**Exercise**
Restate, exactly as written, the entries below from the line that holds "Nella scheda Amici, si" through the line that holds "6月25日晚,我校交響樂團來". Pictures are not part of the copy.
BEGIN Records supplied
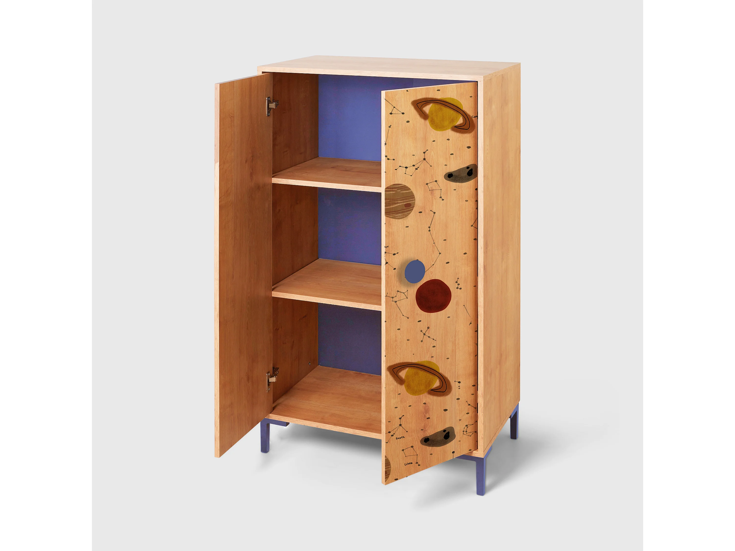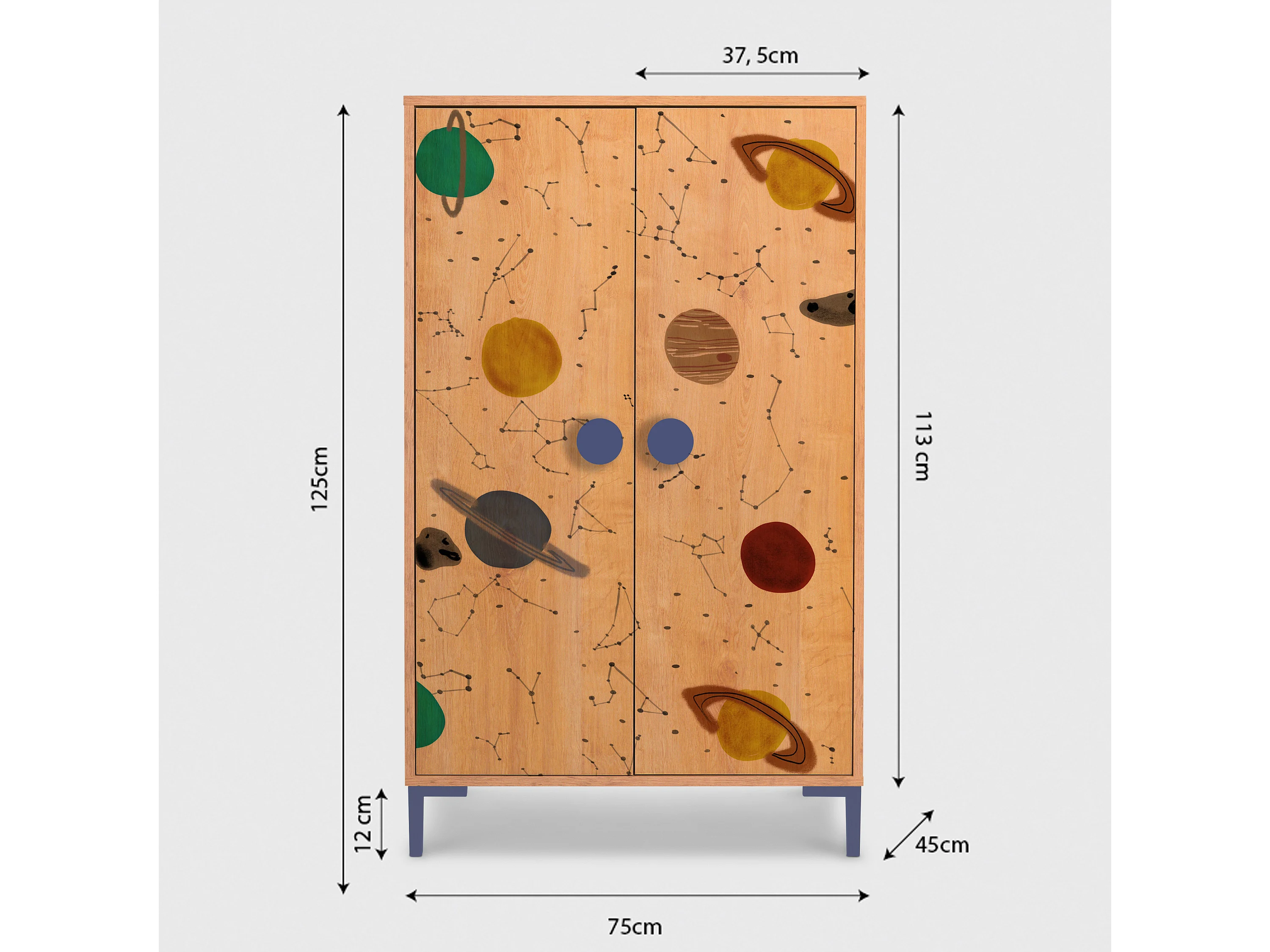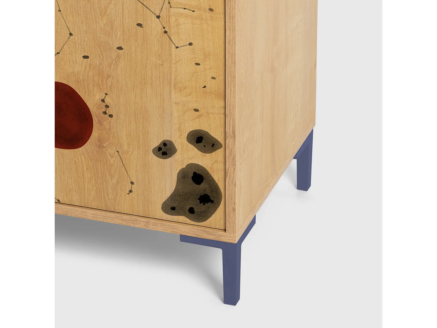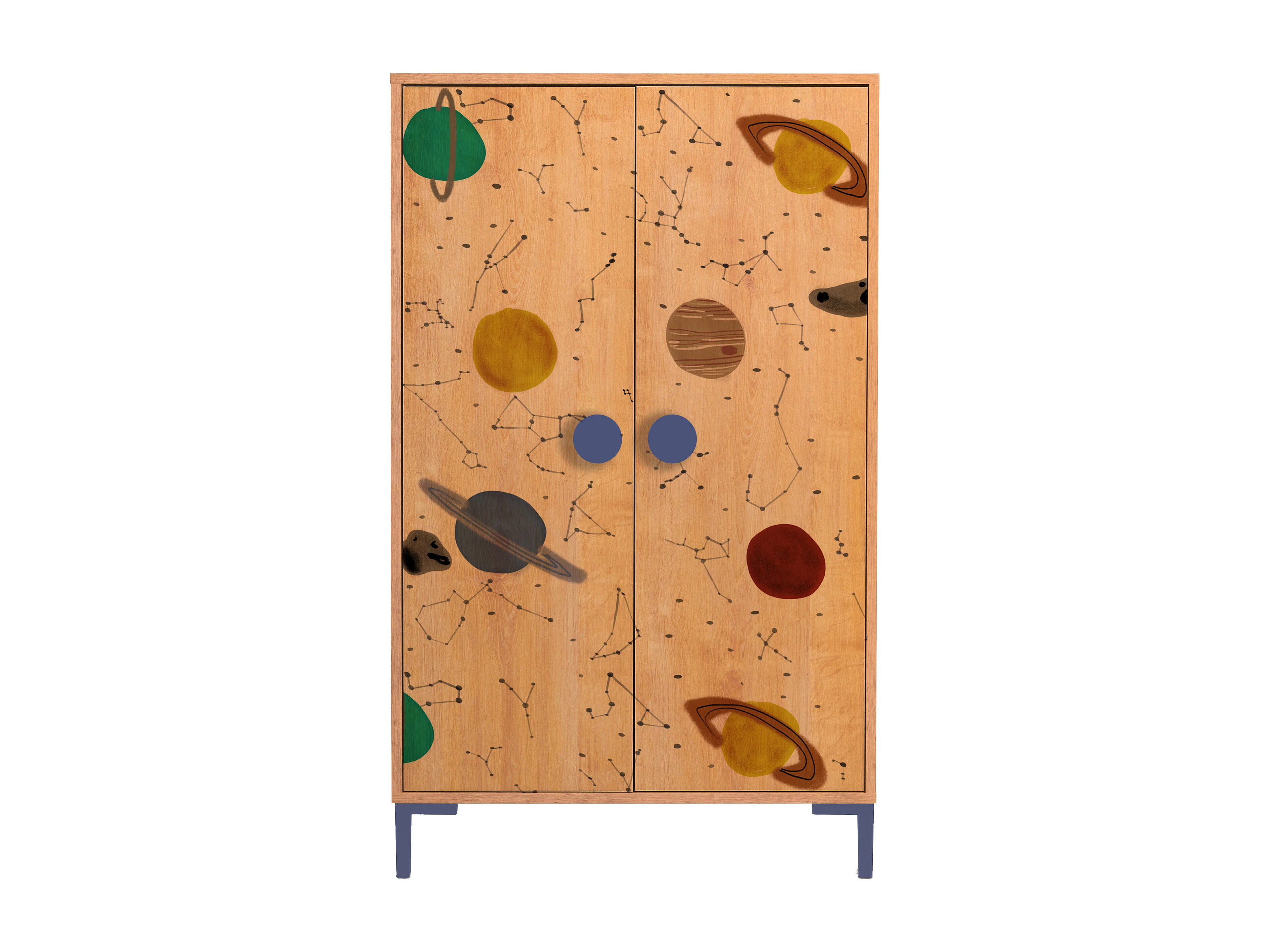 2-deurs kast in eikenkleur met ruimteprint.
END Records supplied
BEGIN Records supplied
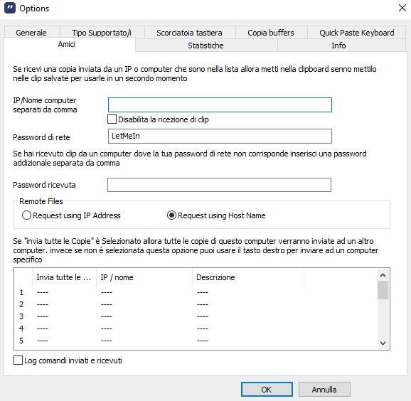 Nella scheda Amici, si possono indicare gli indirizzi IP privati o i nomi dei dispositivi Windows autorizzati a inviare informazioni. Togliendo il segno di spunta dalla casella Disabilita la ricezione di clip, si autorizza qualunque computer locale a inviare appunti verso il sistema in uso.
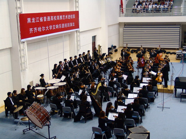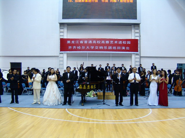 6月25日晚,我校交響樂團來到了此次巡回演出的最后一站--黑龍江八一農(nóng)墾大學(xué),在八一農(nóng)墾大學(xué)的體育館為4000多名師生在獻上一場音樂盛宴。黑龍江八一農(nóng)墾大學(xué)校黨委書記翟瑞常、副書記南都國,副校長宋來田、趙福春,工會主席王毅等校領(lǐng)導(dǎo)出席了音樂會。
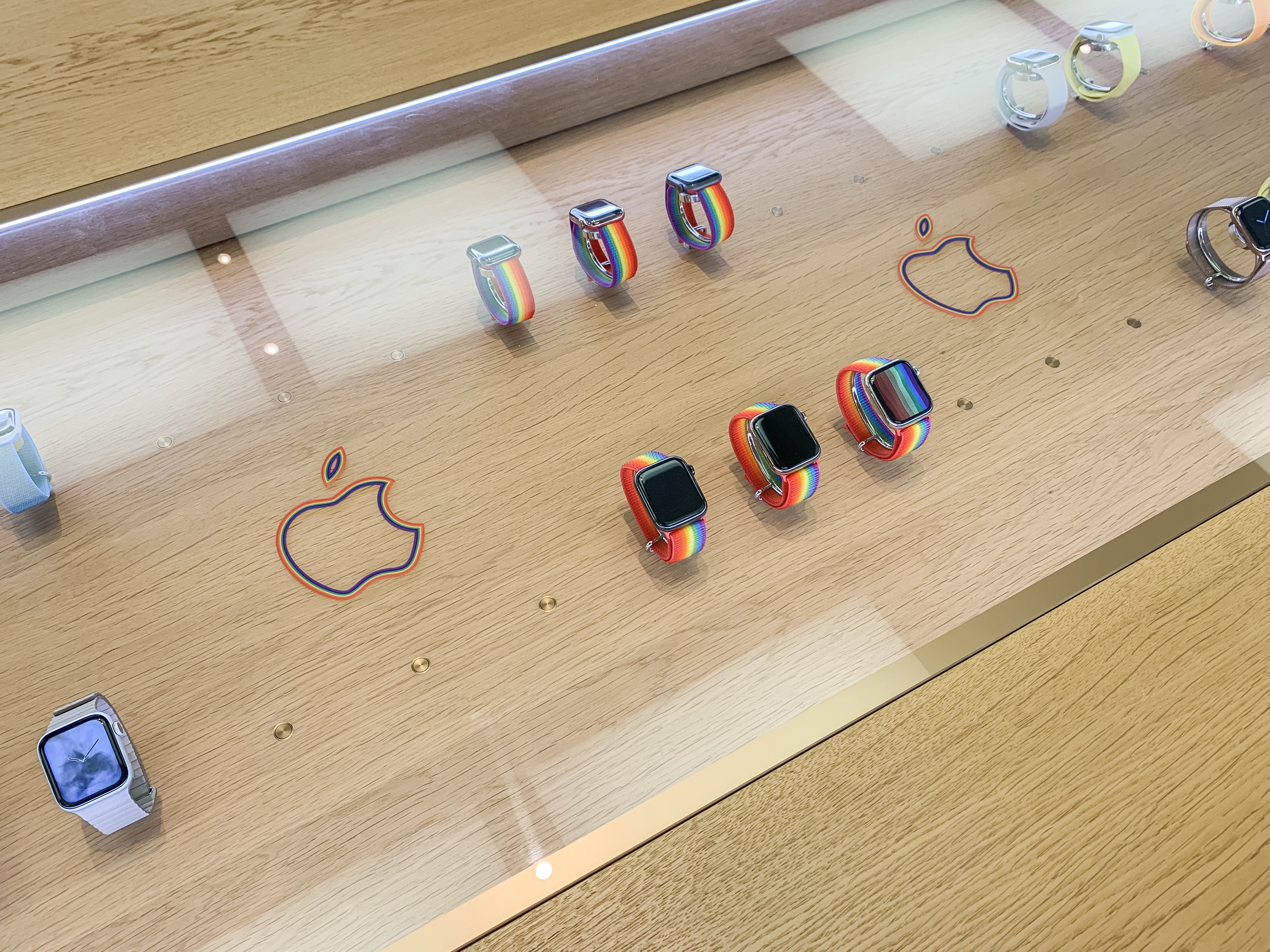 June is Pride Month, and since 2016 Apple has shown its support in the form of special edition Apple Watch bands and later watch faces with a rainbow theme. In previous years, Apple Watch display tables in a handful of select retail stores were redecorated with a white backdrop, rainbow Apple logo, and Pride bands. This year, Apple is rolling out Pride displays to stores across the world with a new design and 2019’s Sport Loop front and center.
END Records supplied
**Response to this task**
 Nella scheda Amici, si possono indicare gli indirizzi IP privati o i nomi dei dispositivi Windows autorizzati a inviare informazioni. Togliendo il segno di spunta dalla casella Disabilita la ricezione di clip, si autorizza qualunque computer locale a inviare appunti verso il sistema in uso.
 6月25日晚,我校交響樂團來到了此次巡回演出的最后一站--黑龍江八一農(nóng)墾大學(xué),在八一農(nóng)墾大學(xué)的體育館為4000多名師生在獻上一場音樂盛宴。黑龍江八一農(nóng)墾大學(xué)校黨委書記翟瑞常、副書記南都國,副校長宋來田、趙福春,工會主席王毅等校領(lǐng)導(dǎo)出席了音樂會。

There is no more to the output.